[EXTRACTED ENTRIES Boundary: Start]

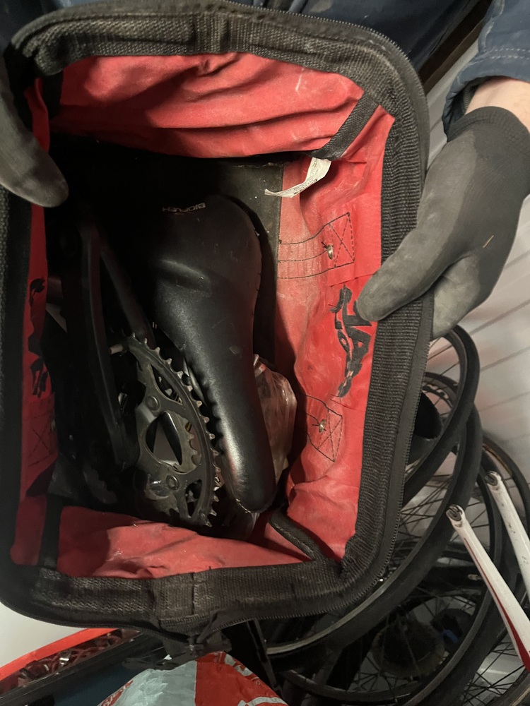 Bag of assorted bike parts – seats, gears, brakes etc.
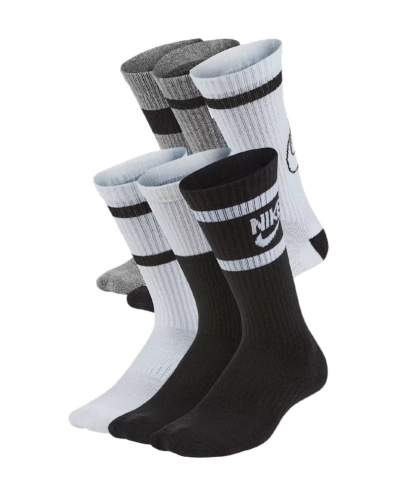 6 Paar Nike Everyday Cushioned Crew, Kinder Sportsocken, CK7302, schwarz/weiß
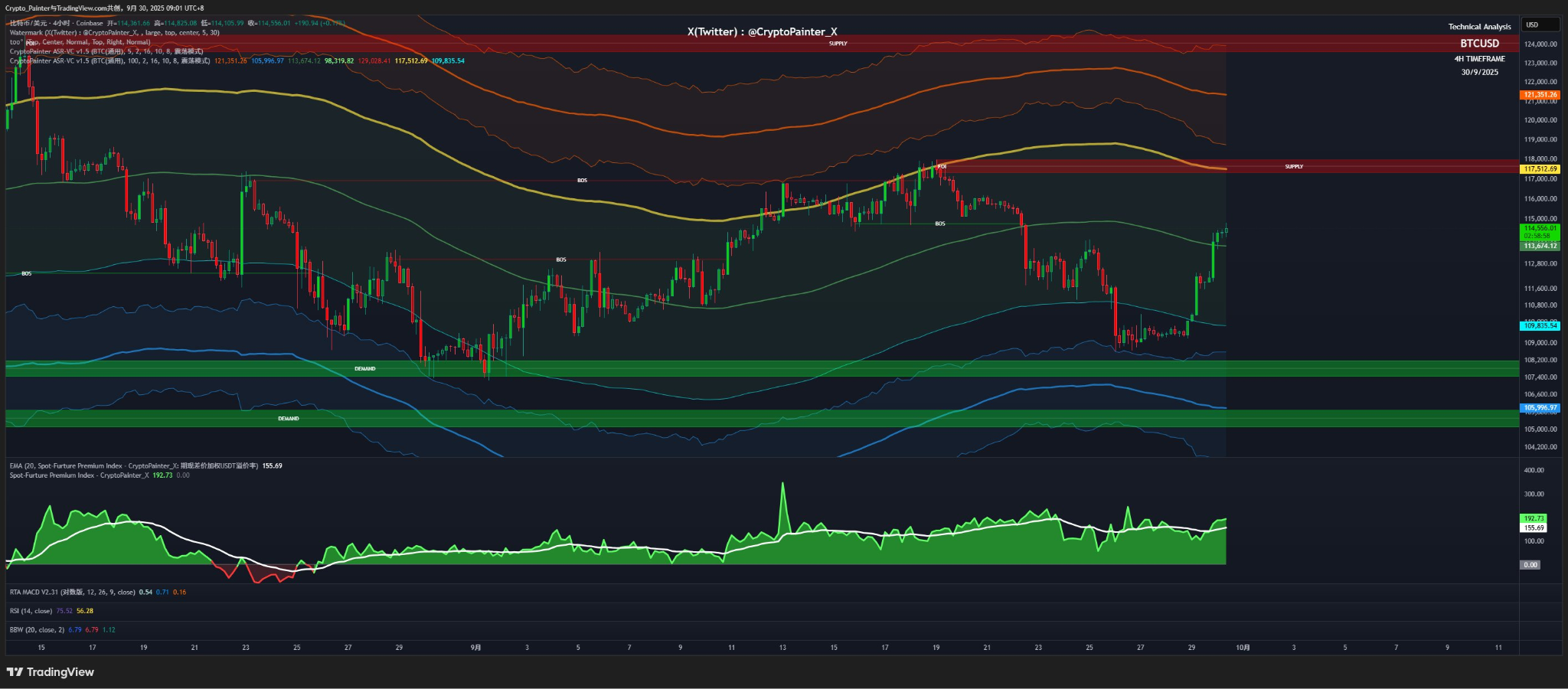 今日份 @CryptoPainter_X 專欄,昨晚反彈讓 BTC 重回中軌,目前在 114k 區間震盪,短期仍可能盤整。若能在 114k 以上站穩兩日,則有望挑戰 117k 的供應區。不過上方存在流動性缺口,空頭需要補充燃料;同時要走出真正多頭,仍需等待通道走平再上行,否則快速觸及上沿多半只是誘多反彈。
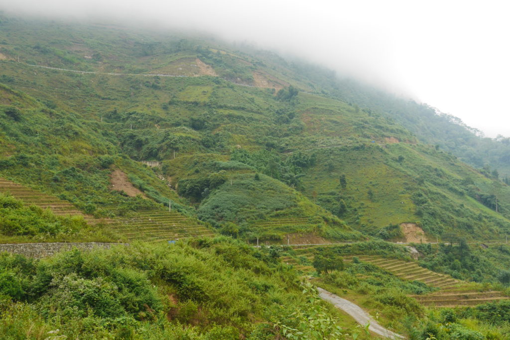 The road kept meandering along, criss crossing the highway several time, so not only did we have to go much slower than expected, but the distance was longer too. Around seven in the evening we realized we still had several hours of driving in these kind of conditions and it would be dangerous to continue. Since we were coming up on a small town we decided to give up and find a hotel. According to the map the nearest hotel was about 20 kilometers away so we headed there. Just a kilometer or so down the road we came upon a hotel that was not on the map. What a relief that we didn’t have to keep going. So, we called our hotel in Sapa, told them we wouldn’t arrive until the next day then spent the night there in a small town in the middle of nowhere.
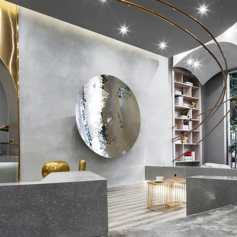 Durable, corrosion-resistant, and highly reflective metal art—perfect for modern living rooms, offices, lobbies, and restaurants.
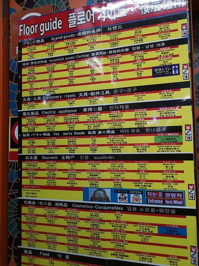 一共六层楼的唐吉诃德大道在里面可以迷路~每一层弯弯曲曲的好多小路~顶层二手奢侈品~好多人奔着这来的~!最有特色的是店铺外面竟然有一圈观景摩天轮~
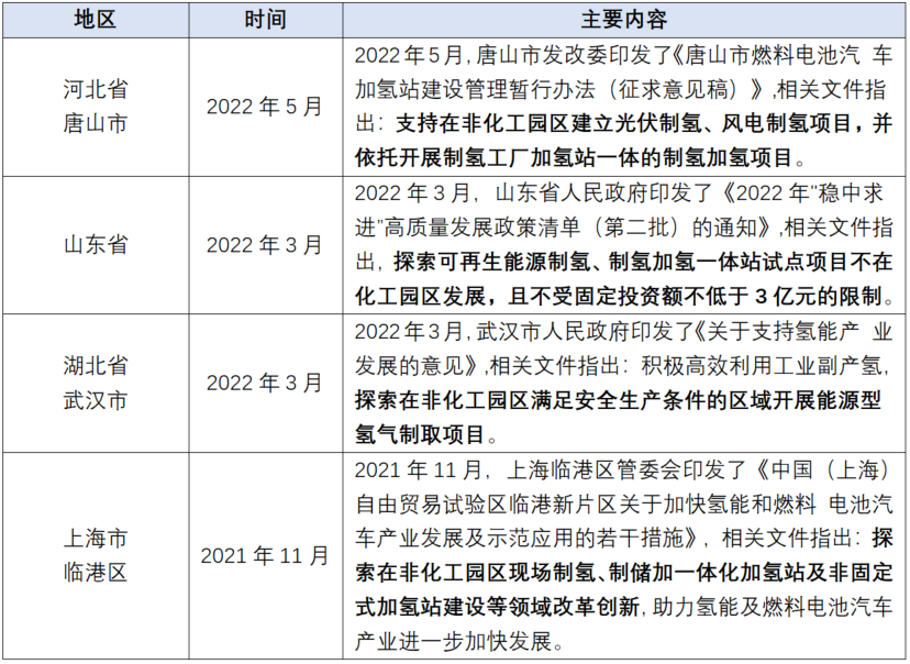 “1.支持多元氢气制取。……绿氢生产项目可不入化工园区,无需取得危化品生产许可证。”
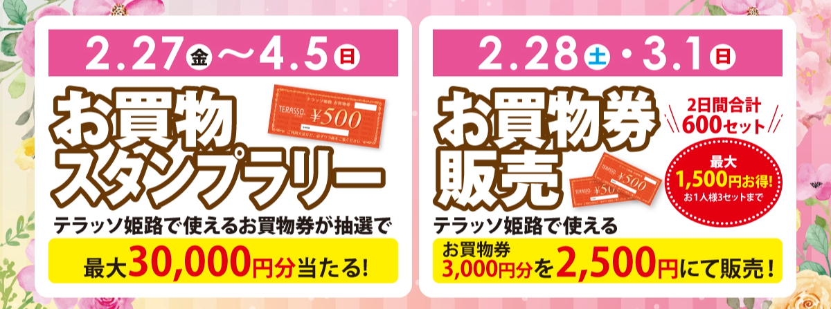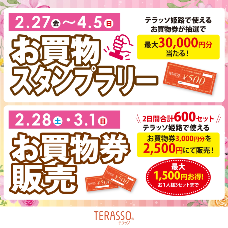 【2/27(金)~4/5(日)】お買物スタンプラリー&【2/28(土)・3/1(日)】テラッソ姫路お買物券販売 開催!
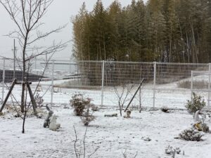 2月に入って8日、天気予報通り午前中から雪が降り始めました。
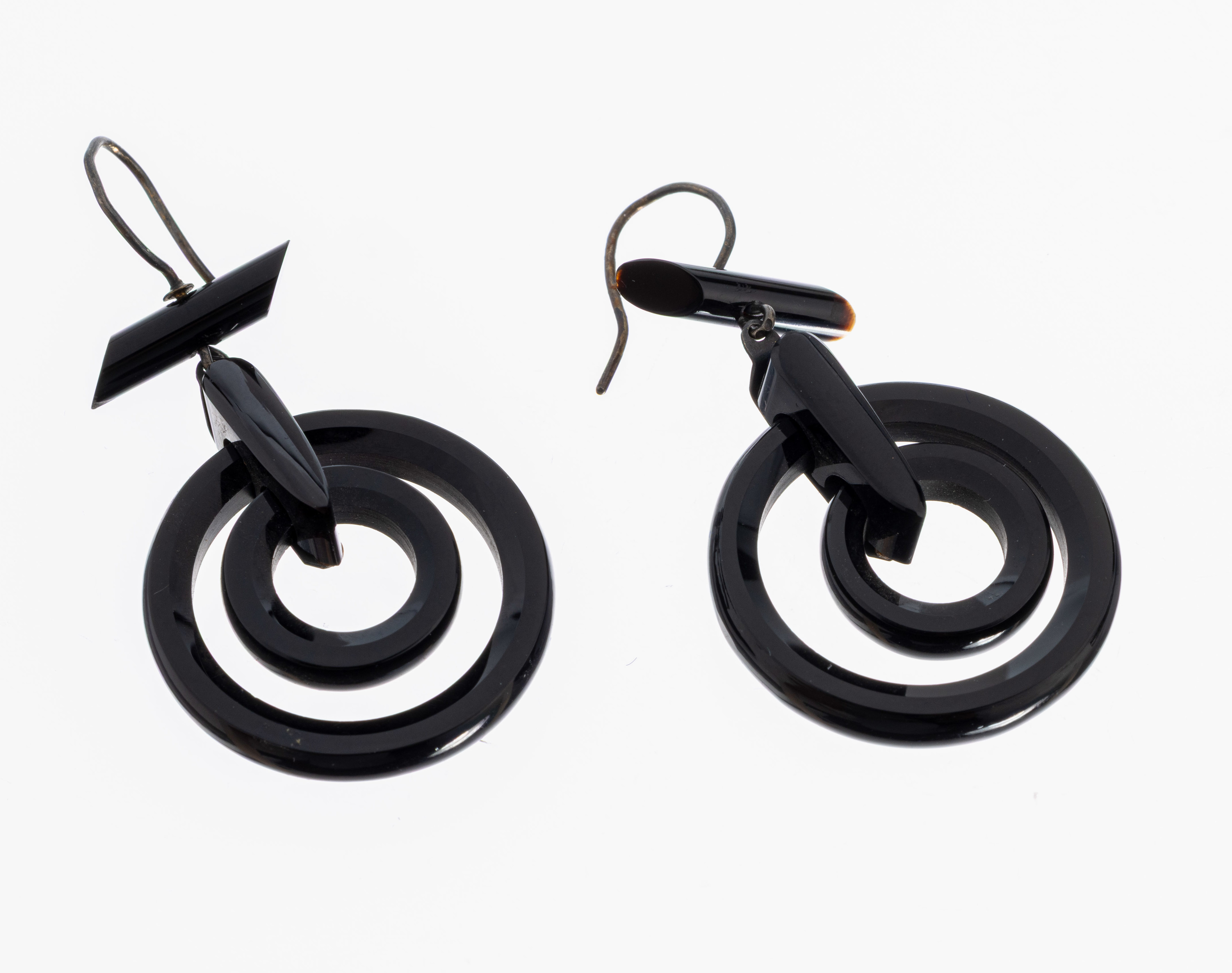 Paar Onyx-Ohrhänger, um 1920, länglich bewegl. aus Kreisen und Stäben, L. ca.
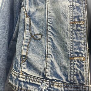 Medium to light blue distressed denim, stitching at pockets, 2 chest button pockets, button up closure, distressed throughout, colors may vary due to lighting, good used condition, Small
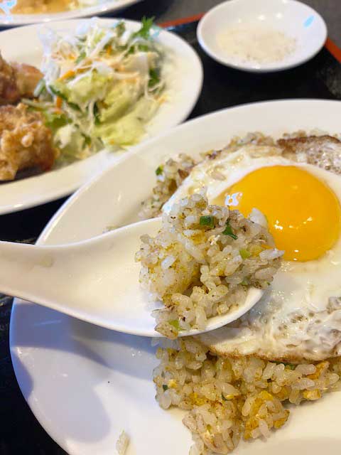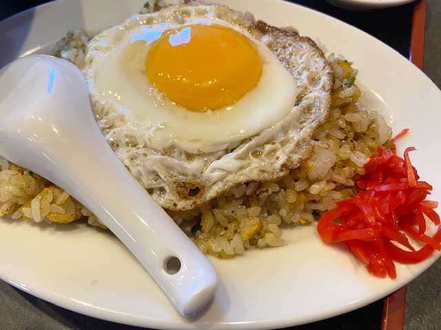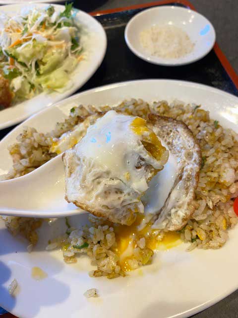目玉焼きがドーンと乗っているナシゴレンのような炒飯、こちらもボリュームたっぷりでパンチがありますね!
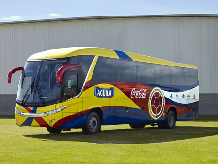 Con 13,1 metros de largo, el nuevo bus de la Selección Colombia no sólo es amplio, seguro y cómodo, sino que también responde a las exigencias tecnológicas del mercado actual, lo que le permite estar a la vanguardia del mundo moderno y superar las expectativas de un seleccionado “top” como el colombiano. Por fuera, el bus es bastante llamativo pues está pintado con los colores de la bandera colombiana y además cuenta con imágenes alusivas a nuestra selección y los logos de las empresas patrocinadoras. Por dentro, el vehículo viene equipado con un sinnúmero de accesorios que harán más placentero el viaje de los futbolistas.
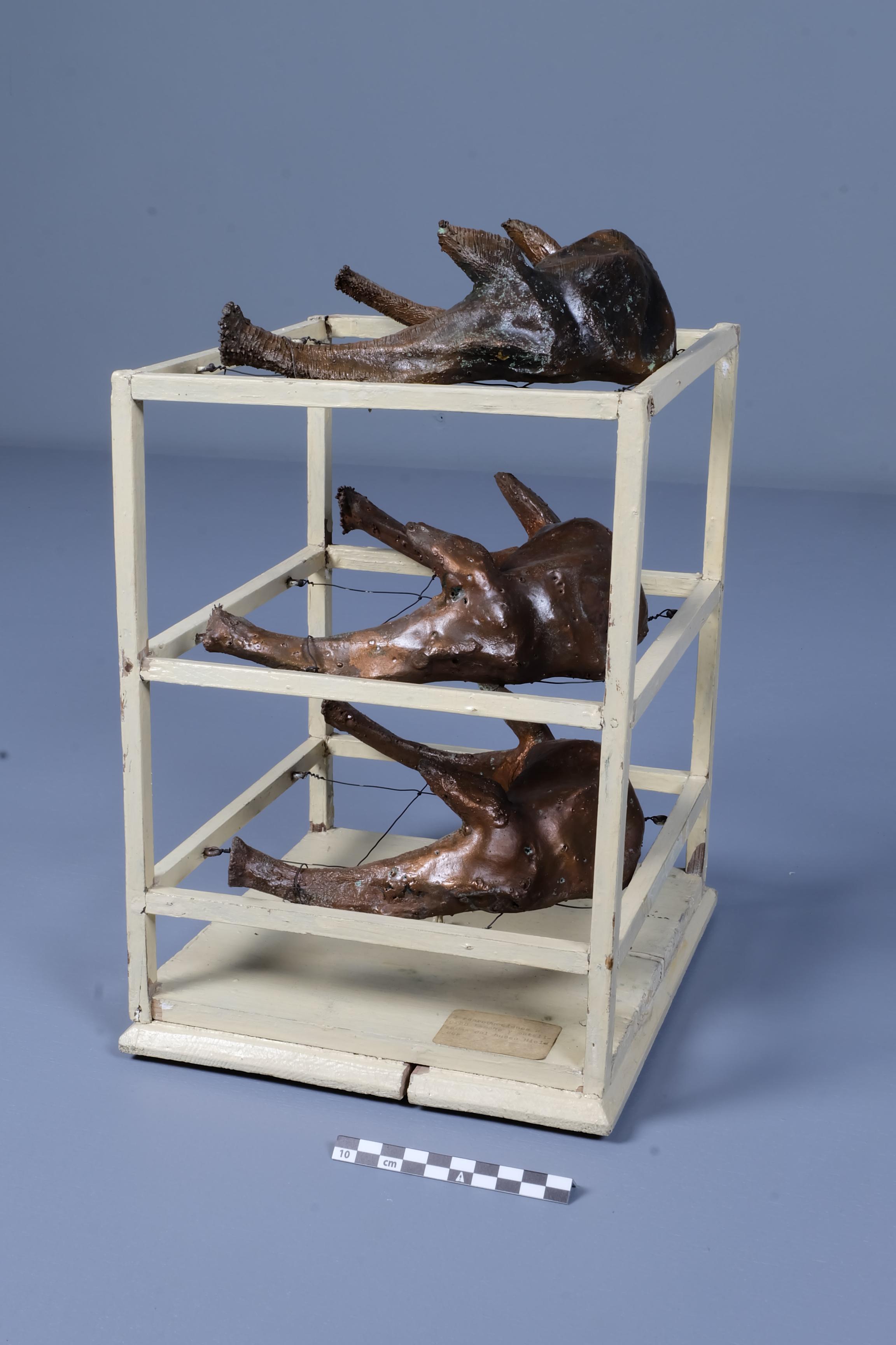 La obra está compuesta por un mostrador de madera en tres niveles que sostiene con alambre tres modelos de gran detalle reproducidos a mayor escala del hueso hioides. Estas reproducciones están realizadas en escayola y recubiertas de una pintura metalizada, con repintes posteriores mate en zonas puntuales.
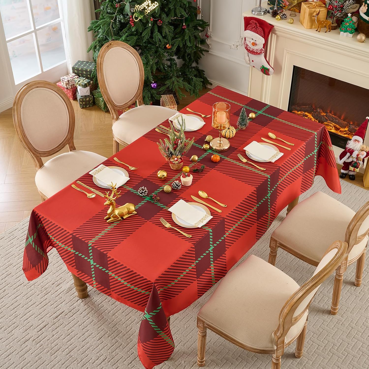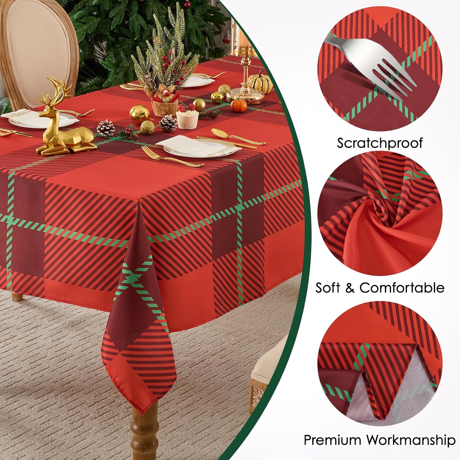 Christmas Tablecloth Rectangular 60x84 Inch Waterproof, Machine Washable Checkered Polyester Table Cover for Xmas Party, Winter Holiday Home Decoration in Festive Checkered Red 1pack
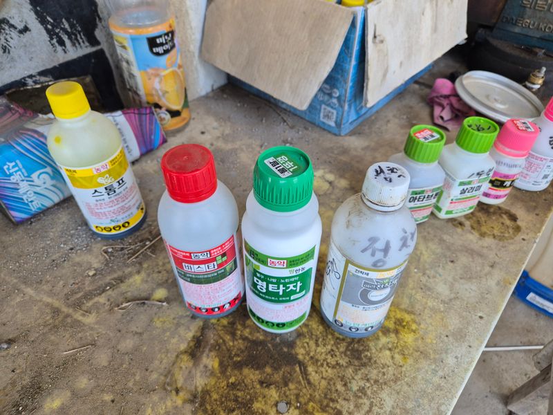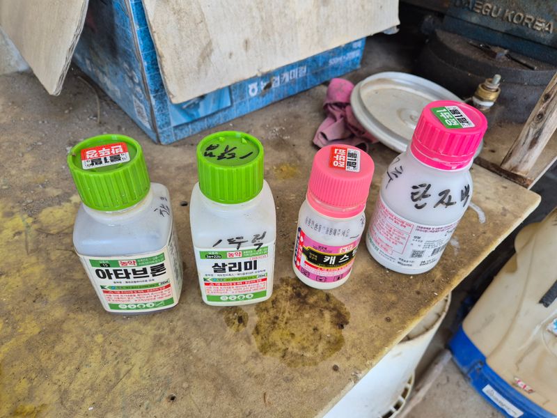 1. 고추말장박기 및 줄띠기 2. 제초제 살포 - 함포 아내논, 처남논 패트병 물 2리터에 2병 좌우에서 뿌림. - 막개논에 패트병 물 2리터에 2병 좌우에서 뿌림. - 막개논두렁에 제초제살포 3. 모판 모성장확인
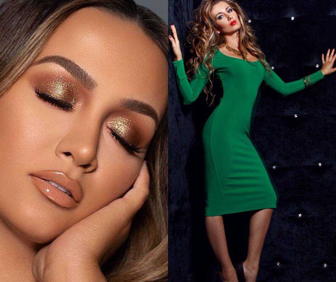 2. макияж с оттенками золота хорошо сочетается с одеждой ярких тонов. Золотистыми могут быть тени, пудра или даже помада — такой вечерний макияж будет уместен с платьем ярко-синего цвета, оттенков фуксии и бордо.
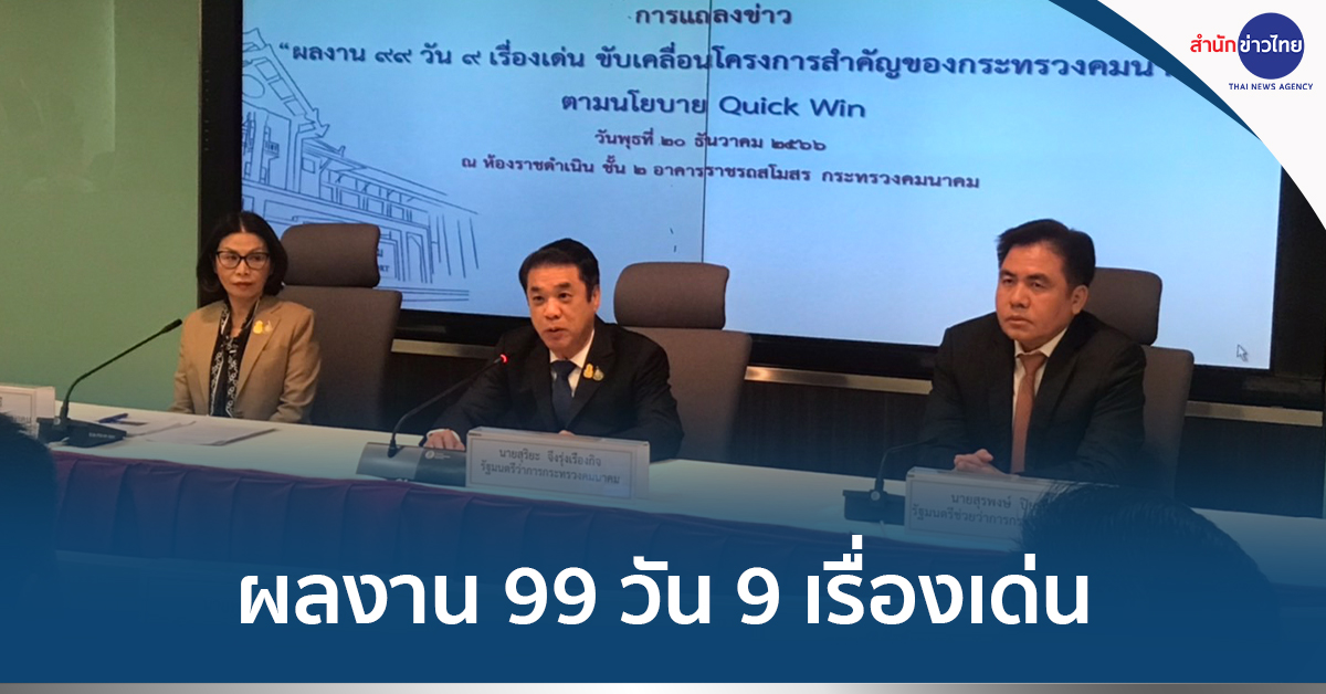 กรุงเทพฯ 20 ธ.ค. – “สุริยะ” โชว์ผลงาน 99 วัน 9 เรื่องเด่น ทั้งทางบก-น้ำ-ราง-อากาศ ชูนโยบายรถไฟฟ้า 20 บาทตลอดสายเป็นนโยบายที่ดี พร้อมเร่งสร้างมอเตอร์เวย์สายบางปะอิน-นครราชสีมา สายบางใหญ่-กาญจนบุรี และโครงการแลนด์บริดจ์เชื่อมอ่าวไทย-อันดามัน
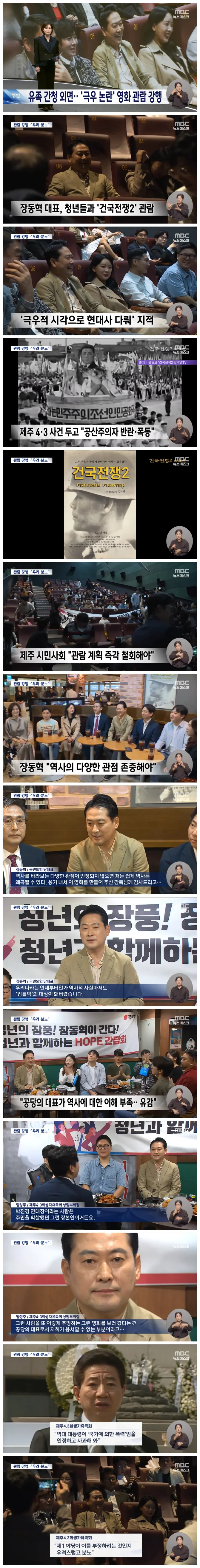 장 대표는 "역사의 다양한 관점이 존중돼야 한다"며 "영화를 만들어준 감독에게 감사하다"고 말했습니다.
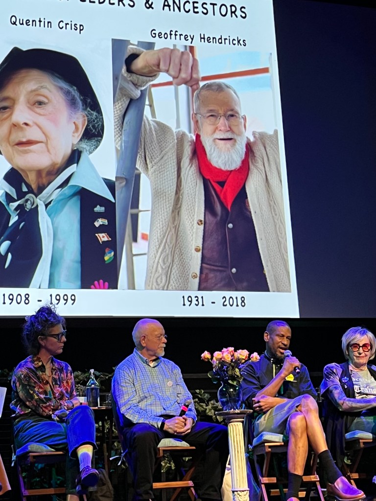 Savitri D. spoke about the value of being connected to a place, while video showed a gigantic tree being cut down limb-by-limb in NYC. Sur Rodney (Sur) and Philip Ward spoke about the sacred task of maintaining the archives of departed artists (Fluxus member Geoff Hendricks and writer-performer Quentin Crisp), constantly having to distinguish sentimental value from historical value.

[EXTRACTED ENTRIES Boundary: End]

# YOUR OBJECTIVE
Reproduce, word for word, only the lines in the records above from the line with "กรุงเทพฯ 20 ธ.ค." through the line with "다양한 관점이 존중돼야", including both ends; omit the pictures.

# TASK RESPONSE
 กรุงเทพฯ 20 ธ.ค. – “สุริยะ” โชว์ผลงาน 99 วัน 9 เรื่องเด่น ทั้งทางบก-น้ำ-ราง-อากาศ ชูนโยบายรถไฟฟ้า 20 บาทตลอดสายเป็นนโยบายที่ดี พร้อมเร่งสร้างมอเตอร์เวย์สายบางปะอิน-นครราชสีมา สายบางใหญ่-กาญจนบุรี และโครงการแลนด์บริดจ์เชื่อมอ่าวไทย-อันดามัน
 장 대표는 "역사의 다양한 관점이 존중돼야 한다"며 "영화를 만들어준 감독에게 감사하다"고 말했습니다.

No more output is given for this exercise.